To expand on this discussion from SES, let’s take a quick gander at some specific 2010 developments that have contributed to the way search is changing and conversions are made.

Google Instant
Google Instant can become a great way for you to find long-tail keywords you maybe hadn’t thought of before, helping your site to be found. This can also play into the effectiveness of your PPC ads, making them much more targeted.

Google Place Search
Your location is now automatically registered in Google without logging in. If Google believes you are intending to look for a service or place of business in your local area, it will automatically bring you local results via Place Search. Those local results are now pushing the organic listings below the fold. In addition, the local map, typically found towards the middle of the SERP, is now in the right-hand column, pushing PPC ads down.

What does it mean? For one, making sure all your local listings are in order is now more important than ever. Consider using a service like LocalPack to make it easier and less time-consuming to do so. Also, geotargeted PPC ads continue to be important. But now that those PPC ads are pushed down further below the fold, is Google planning to sell pins on the maps?

Social Media
Social media’s role in search is multifaceted. Once a person finds your business, recommendations that come from the user’s social networks and online communities might be a deciding factor in whether or not your business sees a conversion.

A recommendation or “like” coming from a Facebook friend, or a review someone in one of your circles has given can carry much more clout in the conversion process than simply just ranking – and can even drive conversions if you’re not ranking at all.

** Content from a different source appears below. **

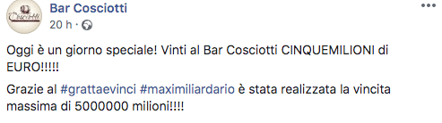 “Oggi è un giorno speciale! Vinti al Bar Cosciotti CINQUEMILIONI di EURO!!!!”, ha scritto la titolare sulla pagina Facebook dell’attività.

Another way social matters is when searching for things directly within your social networks, like Facebook. Social search can also occur when things are recommended to you on a website you are visiting based on interests logged by your social networks. With services like Facebook’s Open Graph protocol and browsers like RockMelt, you have your community and interests following you virtually everywhere you are on the Web.

Check out this awesome video on the progression of social (this guy obviously knows how to promote himself through viral tactics, eh?):

How will your business be a part of the new online experience?

UPDATE 11/12: For more on this topic, check out the liveblog coverage of Bruce’s talk for “May Day SEO for Google Caffeine” at PubCon this week via Search Engine Roundtable.

UPDATE 11/18: Read Bruce’s article in our November newsletter, “Are ‘likes’ the new links?” to learn more about how social is changing search.





4 responses to “Should Search be Renamed?”

  1. Haney writes:

    Gosh, watching the video gave me goosebumps. It shows how much our world has evolved around social media. I’m not surprised if socialnomics will be listed as one of the degree courses in the future. Yikes.

  2. Jessica Lee writes:

    Funny you should say that; I’m actually trying to get in touch with one of my former communications professors to see how they are tweaking the curriculum to address the role of social media. Thanks for your comment!

  3. Phill Ohren writes:

    I’m loving RockMelt! Nice social integration :)

  4. Jessica Lee writes:

    Do you? I was just thinking today how I need to try it. Thanks for reading, Phill!